Pria paruh baya ini menyebut kerusakan lingkungan yang ditimbulkan akibat aktifitas PLTU merupakan bentuk ketidakberadapannya negara terhadap warga sekitar PLTU.

Sedangkan soal keadilan, Jalaludin menganggap proses ganti rugi tumbuhan milik warga yang lahannya kini menjadi bagian dari pembangunan PLTU tidak sesuai Peraturan Gubernur (Pergub) Bengkulu nomor 27 tahun 2016 tentang pedoman ganti rugi tanam tumbuh untuk kepentingan umum disebutkan nilai ganti rugi.

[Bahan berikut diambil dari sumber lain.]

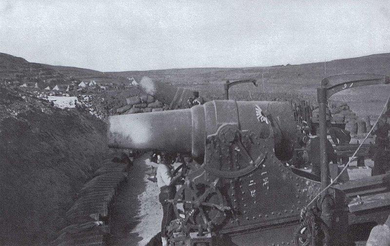 Japan needed to take the port and hunkered down for a siege in July. Japan had seized this port from China rather easily 20 years before. The Russian defenses were first rate, however, and Russian guns on heavily fortified hilltops rained down fire on Japanese ships for quite some time. Russia was able to bring to bear new technology, in a preview of World War I, employing machine guns, bolt-action rifles, and massive howitzers capable of hurling 500-pound shells five miles. This battle featured the kind of trench warfare, including barbed wire, that would be the signature element of the World War I as well.

Tumbuhan milik 11 warga Teluk Sepang hanya dihargai Rp125 ribu per batang. Sedangkan menurut Pergub tersebut, kata Jalaludin, satu batang tumbuhan sawit yang sudah berbuat dihargai Rp700 ribu per batang.

Lahan pertanian warga itu bahkan digusur terlebih dulu baru kemudian dilakukan proses ganti rugi. Penggusuran itu bahkan dilakukan pada malam hari. Kata Jalaludin hal ini sangat tidak berprikemanusiaan.

"Mereka tebasi dulu baru diganti rugi. Memang sejak awal tindakan PLTU itu tidak ada keadilan," katanya saat diwawancarai, Kamis.

Bukan tanpa upaya, sejak awal bersama warga lainnya Jalaludin terus menolak pembangunan PLTU tersebut dan menuntut ganti rugi tanaman tumbuh sesuai dengan aturan.

Upaya audiensi bersama Gubernur Bengkulu, menyampaikan keluh-kesah ke DPRD Provinsi Bengkulu, melakukan aksi unjuk rasa pun telah ditempuh sebagai upaya memperoleh keadilan.

Bahkan belasan warga Teluk Sepang pun pernah bermalam-malam menginap dan mendirikan tenda di PLTU Teluk Sepang untuk menuntut keadilan.

Terbaru, warga Teluk Sepang termasuk Jalaludin bersama Koalisi Langit Biru mengajukan gugatan ke Pengadilan Tata Usaha Negara (PTUN) Bengkulu agar izin PLTU tersebut dicabut.

"Coba direnungkan, pelanggaran-pelanggaran yang saya sebutkan itu adalah melanggar sila ke-2 Pancasila. Coba bayangkan manusia yang hidup disana," ujarnya.